Wien. Die Wohnungspreise in Wien steigen beharrlich. In manchen Bezirken ist es 2016 im Vergleich zum Vorjahr zu einen Anstieg in Höhe von rund zehn Prozent gekommen. Das geht aus einer Erhebung des Anzeigenportals Willhaben hervor, bei der die bundesweiten Angebotspreise von mehr als 120.000 Anzeigen verglichen wurden. Überhaupt sind 2016 die Immobilienpreise in Österreich großteils gestiegen: Die Preise haben gegenüber 2015 in 80 Prozent der analysierten Bezirke angezogen.

In nahezu allen Bezirken Wiens stiegen die Angebotspreise für Eigentumswohnungen. Am stärksten davon betroffen waren Liesing (plus 10,6 Prozent) und Meidling (plus 10 Prozent). Für beide Bezirke schnellte der durchschnittliche Angebotspreis auf mehr als 3500 Euro pro Quadratmeter hoch.

Bemerkenswert ist, dass traditionell hochwertige Bezirke kaum Anteil an der Preissteigerung hatten. In Döbling beispielsweise stiegen die Preise um lediglich 0,4 Prozent, in Hietzing um 2 Prozent. Die beiden haben im vergangenen Jahr den geringsten Preisanstieg in Wien erfahren, wobei Hernals (minus 0,2 Prozent) und die City negativ sind, Letztere hat als Sonderfall (geringe Verfügbarkeit von Objekten, Veräußerung in Paketen, starke Preisschwankungen) jedoch nicht offiziell Eingang in die Erhebung gefunden.

Umgekehrt zogen die Preise gerade in jenen Bezirken ganz stark an, die nicht unbedingt mit dem positivsten Image gesegnet sind: Rudolfsheim-Fünfhaus (plus 9,8), Favoriten (8,4), Floridsdorf (7,5), Simmering (7,3).

"Immobilien gelten auch für Privatpersonen weiterhin als sichere Anlageform", erklärte Judith Kössner, Chefin der Immobilienabteilung von Willhaben, den anhaltenden Preisanstieg gegenüber der "Wiener Zeitung". "Nachdem in den vergangenen Jahren in Wien vor allem die inneren Bezirke preislich angezogen haben, folgen nun auch gute Lagen in Flächenbezirken."

Auch im für Pendler interessanten Wiener Umland stiegen die Angebotspreise. Korneuburg hat ein Plus in Höhe von 7 Prozent zu verzeichnen, Tulln 8,2 Prozent und - mittlerweile aufgelöst - Wien Umgebung ein Plus von 6,1 Prozent. Auch in Wiener Neustadt (plus 10,9 Prozent) und Mistelbach (plus 11,6 Prozent) sind die Angebotspreise für Wohnungen gestiegen.

Bei den Mieten haben die Preise im langfristigen Vergleich zu 2007 in Wien 2016 ebenfalls kräftig angezogen. Dabei ergab sich ein den Kaufpreisen ähnliches Bild: Den höchsten Anstieg hat die Leopoldstadt erlebt, wo die Mietpreise um 34,4 Prozent gestiegen sind. Auf den weiteren Plätzen folgen die Donaustadt (plus 33,9), Floridsdorf (plus 30,7), die Brigittenau (plus 28,6) und Rudolfsheim-Fünfhaus (plus 27,3). Den geringsten Anstieg gab es in Döbling (plus 6,9), der Josefstadt (plus 11,2), der Inneren Stadt (13,4), in Hietzing 14,5) und in Währing (15,4).

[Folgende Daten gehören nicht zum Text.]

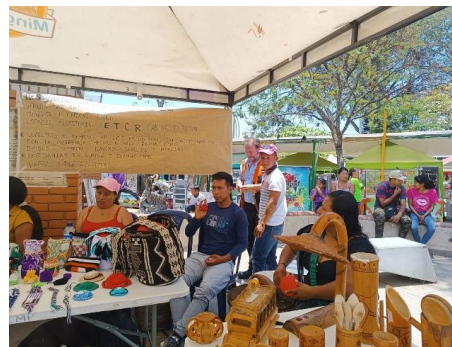
Feria saberes y sabores en Miranda - Cauca - Fotografía Amanda Anacona
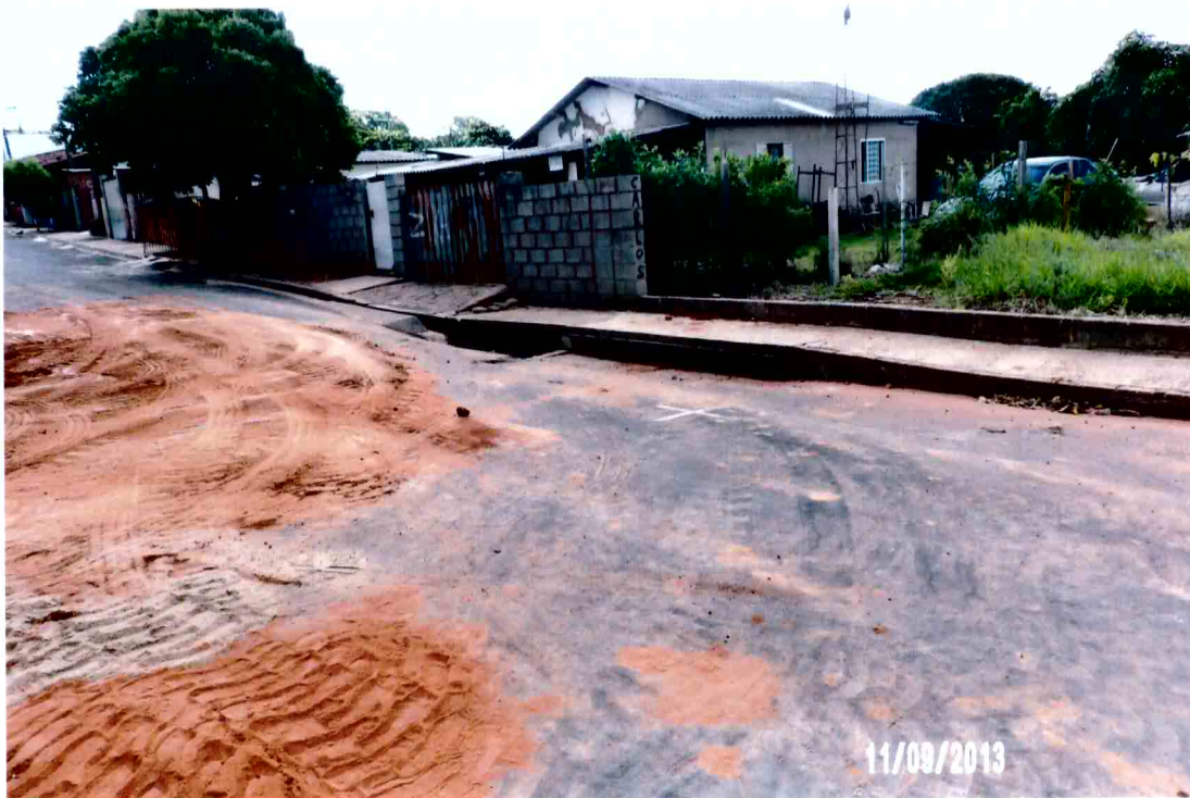
Vista da boca de lobo que capta parte das águas pluviais que estão causando o deslizamento e a erosão (foto 08)
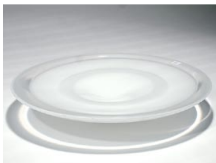
51. Lautanen (vas.) Avanto 2, 3076 Kerttu Nurminen Nuutajärvi sign. Avanto 2 Kerttu Nurminen Nuuta- järvi Notsjö vapaasti puhallettu, driivattu, kerros- opaali H 5,5 cm, D 31,5 cm
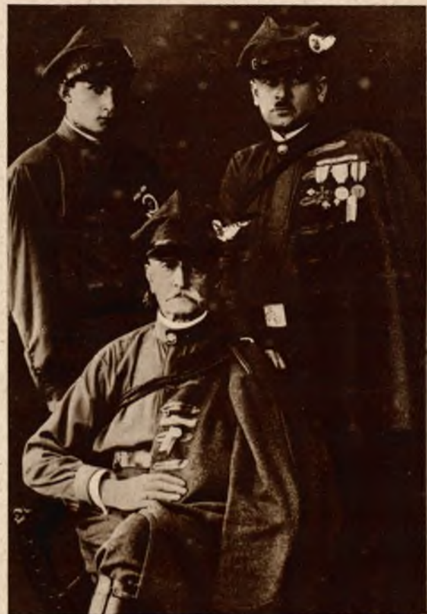
Trzy pokolenia. Członkowie Sokola Macierzy we Lwowie. Dziadek, syn i wnuk.
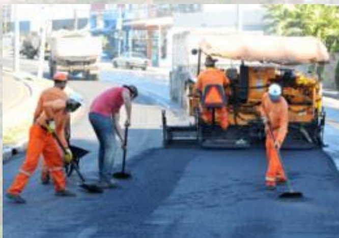
Recape Área Central
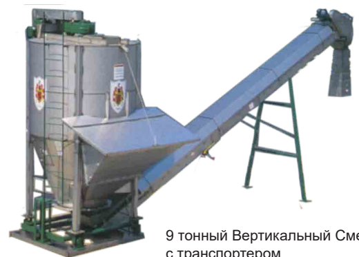
9 тонный Вертикальный Смеситель с транспортером

Смесительный шнек перемещает массу непосредственно в смеситель, где и начинается процесс смешивания. Витки шнека 9 мм толщиной, корпус смесителя изготовлен из нержавеющей стали. Верх смесителя закрыт, тем не менее, на нем установлен инспекционный люк. Несущая конструкция на 4 опорах изготовлена из малоуглеродистой стали. Под каждой опорой установлен тензодатчик. Двигатель с ременно-клиновидной передачей устанавливается за смесителем. Коробка скоростей стоит на вершине смесителя. Дополнительно машина оборудована цифровыми датчиками и большим дисплеем. Производительность вертикального смесителя 5,5 - 7 и максимум 9 тонн/м 3 за партию, производительность в час составляет от 25 до 45 тонн/м 3 . Мы можем внести изменения по вашему желанию.
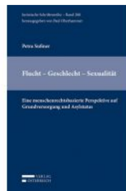
Flucht - Geschlecht - Sexualität Ladenpreis: 98,00EUR
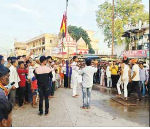
मझौली। चैत्र नवरात्रि: नवमी के दिन श्रद्धा भाव भक्ति से जवारे कलश का विसर्जन किया गया। नगर में रखे दिवालों में रखे हुए जवारे का विसर्जन नगर के मुख्यमार्ग से होते हुए नगर से लगे हुए दुर्गा घाट तालाब में सभी जवारा का विसर्जन किया गया।
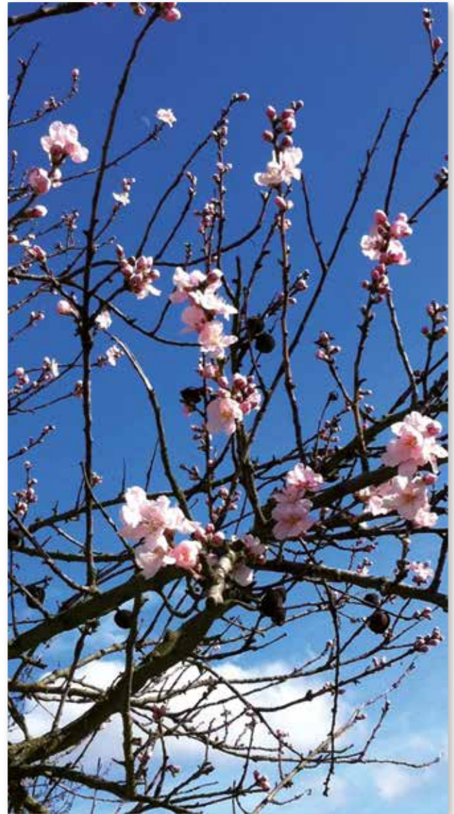
Titelbild: Christusfenster; Bild: Dr. Manfred Schneider
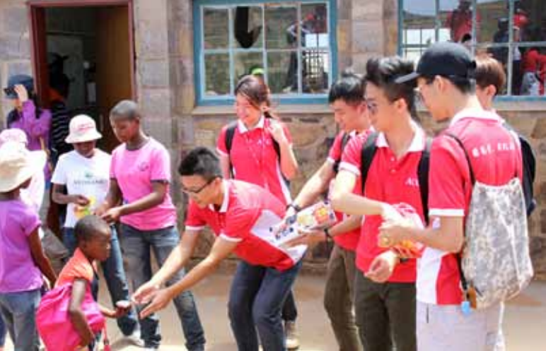
新加坡学生把带来的饼干、蛋糕分给部落的孩子

我们按照原计划给部落的人民分发食物和文具。非洲的孩子们排成一条长队——领取这些东西，然后心满意足地离开，好像是得到了什么稀世珍宝。有些孩子直接咬起了还未拆开包装纸的饼干。更有人把橡皮擦丢进嘴里，津津有味地咀嚼，吓得我一身冷汗地连忙示意她吐出来。
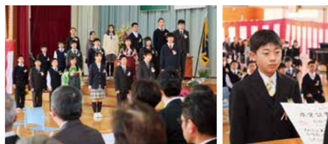
一貫教育は中1ギャップの解消などに効果的です（平成28年度普代小学校卒業式から）

らないことを減らして学力向上につなげています。 行事でも小中学校の垣根を超え、ごみ拾いや合同学年朝会、朝のあいさつ運動などで一緒に活動しています。合同実施により、中学生は頼もしい態度、小学生は中1ギャップの解消など、お互いに学びあい、成長できているといえます。 そしてこの取り組みを例に小学1・2年生とはまゆり子ども園との交流も始まり、村の子どもたちの育ちあいに繋がっています。
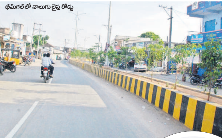
భీమ్గల్ నాలుగు లైన్ల రోడ్డు

రూ.26కోట్లతో డబుల్ రోడ్డు.. భీమ్గల్ పట్టణంలో రూదారుల నిర్మాణం, డివై డడ్డు, సెంట్రల్ లైటింగ్ కోసం రాష్ట్ర ప్రభుత్వం మొదలు రూ.18కోట్లను మంజూరు చేసింది. దీంతో పనులు పూర్తికాగా, మంత్రి వేముల చౌరవతో మరో రూ.8కోట్లను కేటాయింబి అనధంగా 1.5కిలోమీటర్ల మేర పనులను చేపట్టారు. దీంతో రాత్రిపూయంలో పట్టణంలోని రూదారులన్ని వేగాలు విజయవంతమైతాయి. పట్టణంలోని 12 వార్డుల్లో 2100ఎలెక్ట్రీటీ బిల్లులను బిగించారు.
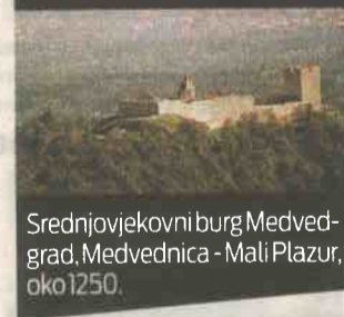
Srednjovjekovni burg Medvedgrad, Medvednica - Mali Plazur, oko 1250.

denta koji je dobio najviše nagrada, pohvala i priznanja s prosjekom ocjena oko 4,95, što je ujedno najviše u povijesti našeg fakulteta - kaže profesor Zlatko Karač, znanstveni savjetnik i docent na Katedri za urbanizam te voditelj nakladništva Arhitektonskog fakulteta u Zagrebu.

Österreichweite Spitzenreiter beim Preisanstieg von Eigentumswohnungen sind Schärding in Oberösterreich und das Murtal in der Steiermark mit je rund 28 Prozent, gefolgt von Kirchdorf an der Krems (Oberösterreich) mit 23,4 Prozent sowie den niederösterreichischen Bezirken Melk (22,1) und Scheibbs (20,1). An Wert verloren haben Eigentumswohnungen unter anderem in Neusiedl am See (Burgenland) mit minus 21,1 Prozent, in Feldkirchen (Kärnten) mit minus 15,3 Prozent und in Freistadt (Oberösterreich) mit minus 13,2 Prozent.

Im Vergleich der Landeshauptstädte haben St. Pölten (plus 14,4 Prozent) und Innsbruck (10 Prozent) die größte Preissteigerung erfahren. Schlusslichter sind Salzburg (plus 0,9 Prozent) und Graz (1,2 Prozent), wobei für Bregenz und Eisenstadt zu wenig Daten vorlagen.